Hanfdrinks sind in Deutschland noch nicht weit verbreitet. In gut sortierten Bioläden solltest du allerdings fündig werden. Achte auch hierbei auf eine regionale Herkunft.

Mit 3 bis 6 Euro pro Liter gehören Hanfdrinks zu den teuersten Milch-Alternativen.

Lupinendrinks enthalten eine Fülle an Mineralstoffen wie Eisen, Kalium, Calcium und Magnesium!
 
Nussdrinks

Auf Nussdrinks trifft das Gleiche zu wie auf Milchalternativen aus Mandeln. Haselnussmilch allerdings hat einen ziemlich hohen Fettgehalt, weshalb sie im Rahmen einer kalorienärmeren Ernährung nur bedingt geeignet ist. Vom Fettgehalt her liegt sie mit normaler Kuhmilch gleichauf. Dafür schmeckt sie auch pur sehr angenehm und bietet somit eine leckere Alternative zu Kakao.

Erbsendrinks

Erbsendrinks sind in Deutschland erst seit kurzem erhältlich, in den USA aber bereits fester Bestandteil des Supermarkt-Sortiments. Sie ist frei von Laktose-, Nüssen, Soja, Milcheiweiß und Gluten, weshalb sie für Allergiker bestens geeignet ist.

Das Endprodukt, das aus gelben Erbsen gewonnen wird, schmeckt ziemlich neutral, aber eben auch nicht nach Milch. Wer also einen leckeren Milchersatz für seinen Kaffee sucht, dürfte von den Erbsendrinks eher enttäuscht sein.

Da Erbsen regional angebaut werden können, ist der ökologische Fußabdruck von Erbsendrinks im Vergleich zu anderen Milch-Alternativen relativ gering.

Der Preis von einem Liter Erbsendrink liegt bei rund 3 Euro.

Lupinendrinks

Lupinen werden häufig als Soja-Alternative bezeichnet. Sie gehören zur gleichen Gattung wie beispielsweise Erbsen und Kichererbsen und werden in Europa aufgrund ihrer Vielseitigkeit immer bekannter und beliebter. Lupinendrinks enthalten kein Gluten, keine Sojaproteine, keine Laktose und auch kein Milcheiweiß und sind damit bestens für Allergiker geeignet. Daneben Punkten sie mit ihrer Fülle an Mineralstoffen wie Eisen, Kalium, Calcium und Magnesium.

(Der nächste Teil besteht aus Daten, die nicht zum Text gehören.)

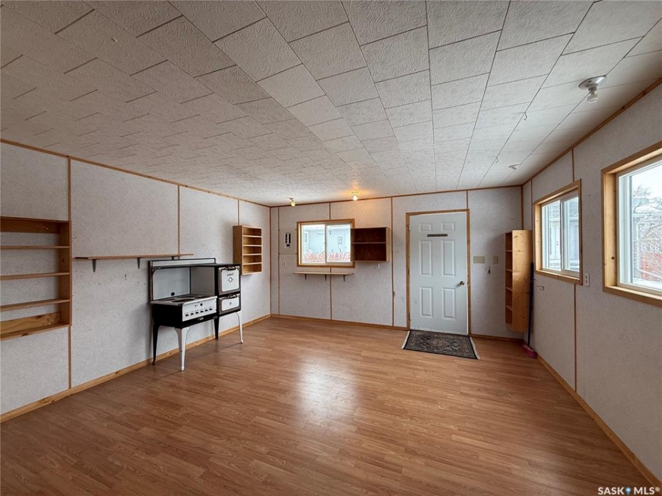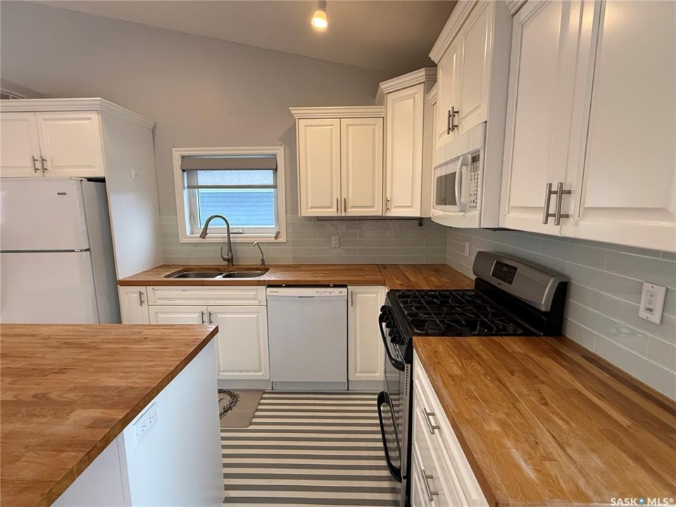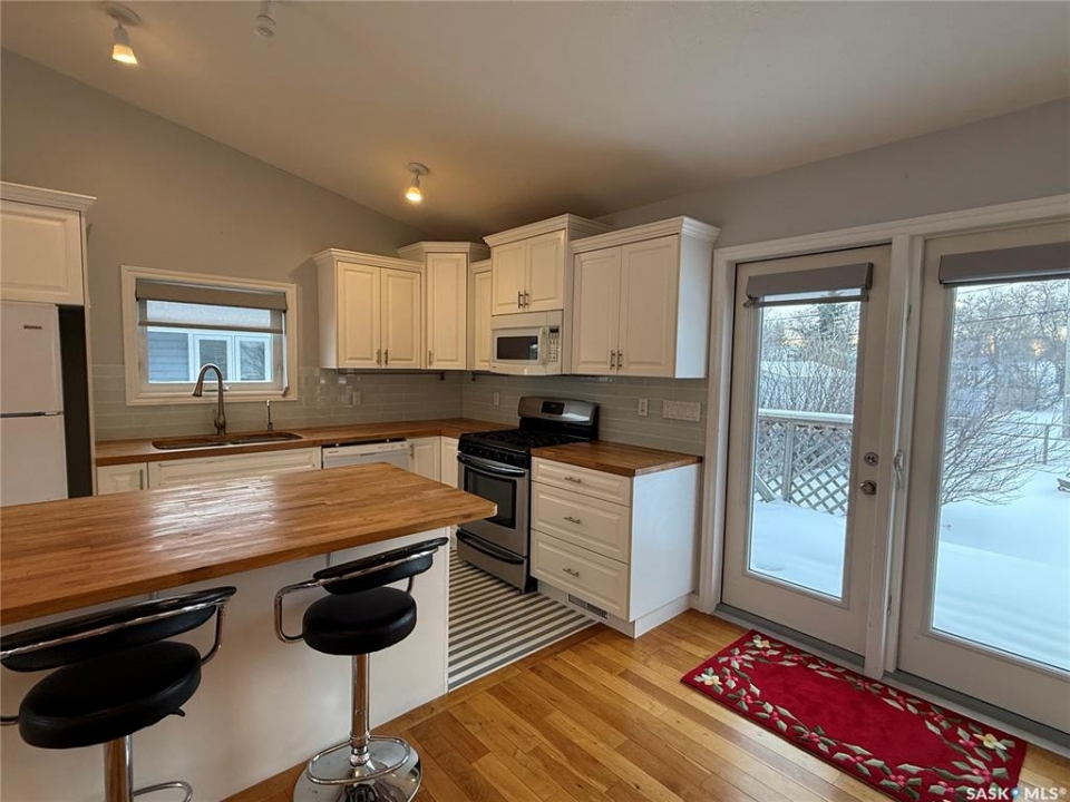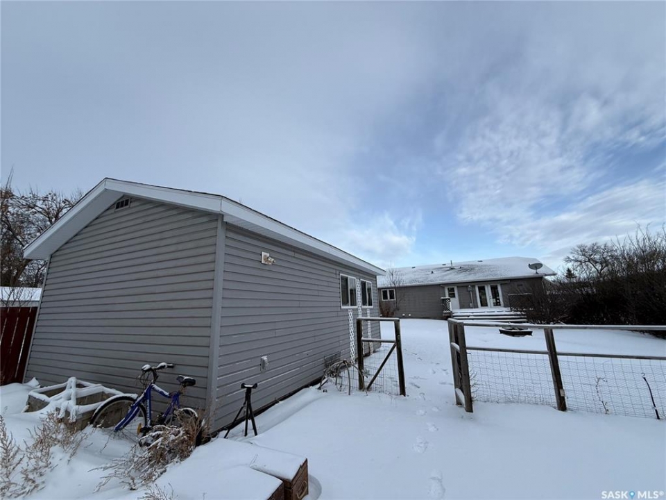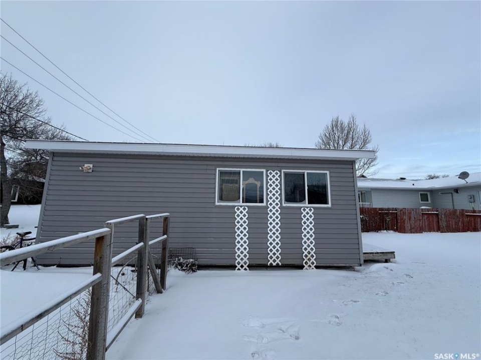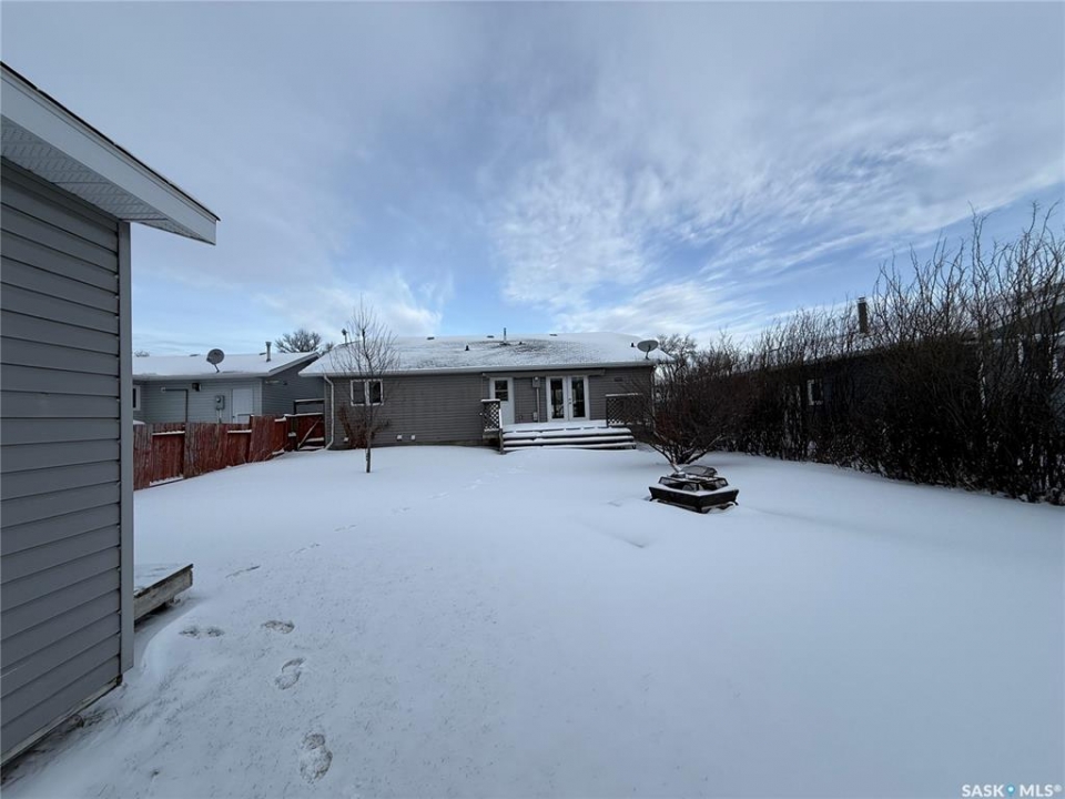 130 2nd Ave SE, Eston. Welcome to this well-maintained 2008 bungalow offering 1,208 sq. ft. on the main level. Step onto the inviting front porch and into a spacious living room with vaulted ceilings, creating an open and airy feel. The open-concept layout flows seamlessly into the kitchen and dining area, perfect for everyday living and entertaining. The kitchen features white cabinetry, butcher block countertops, a pantry, and a large island with drawers and seating. Hardwood floors run throughout the main living spaces, and the dining area includes patio doors leading to a generous 20' x 15' back deck. The fully fenced yard provides great outdoor space for kids, pets, or relaxing. At the back of the home, you'll find a functional porch area with laundry and utilities, complete with a sink and built-in cupboards. Down the hall is a versatile office or den, a storage room with access to the crawl space, and two bedrooms. The primary bedroom is a comfortable space with a large closet and a 4-piece ensuite featuring a white tile shower and tile flooring. A 3-piece main bathroom and second bedroom complete the layout. Additional features include in-floor heating, a large 24' x 16' shed, and a thoughtfully designed floor plan that maximizes space and functionality. Call today for more information and to schedule your tour of this property!
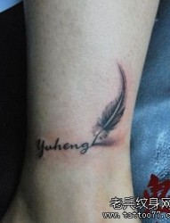 女孩子腿部字母与羽毛纹身图片

Lupinendrinks sind geschmacksneutral, in Deutschland aber noch kaum erhältlich. Wenn dir Nachhaltigkeit am Herzen liegt, solltest du beim Kauf von Lupinenprodukten auf regionalen Anbau achten.

Die Preise liegen bei 2,50 bis 3 Euro pro Liter Lupinendrink.

Die besten Milch-Alternativen: Pros und Kontras von Hafer, Soja und Co.

Jede Milch-Alternative hat ihre Vor- und Nachteile. Möchtest du einfach auf Milch tierischen Ursprungs verzichten, hast du praktisch die freie Wahl. Bei Allergien oder Lebensmittelunverträglichkeiten solltest du allerdings vorsichtiger sein und überprüfen, ob die von dir gewählte Alternative möglicherweise Gluten enthält.

Auch wenn du eine kalorienarme Ernährung anstrebst, lohnt sich ein Blick aufs Etikett, denn nicht alle Milch-Alternativen enthalten weniger Fett als Kuhmilch. Zudem wird einigen Produkten Zucker hinzugesetzt, damit sie angenehmer und süßer schmecken.

Möchtest du gerne auf Alternativen zu Kuhmilch umsteigen, sollten am Ende allerdings genau zwei Dinge für dich entscheidend sein: die individuelle Verträglichkeit und natürlich der Geschmack.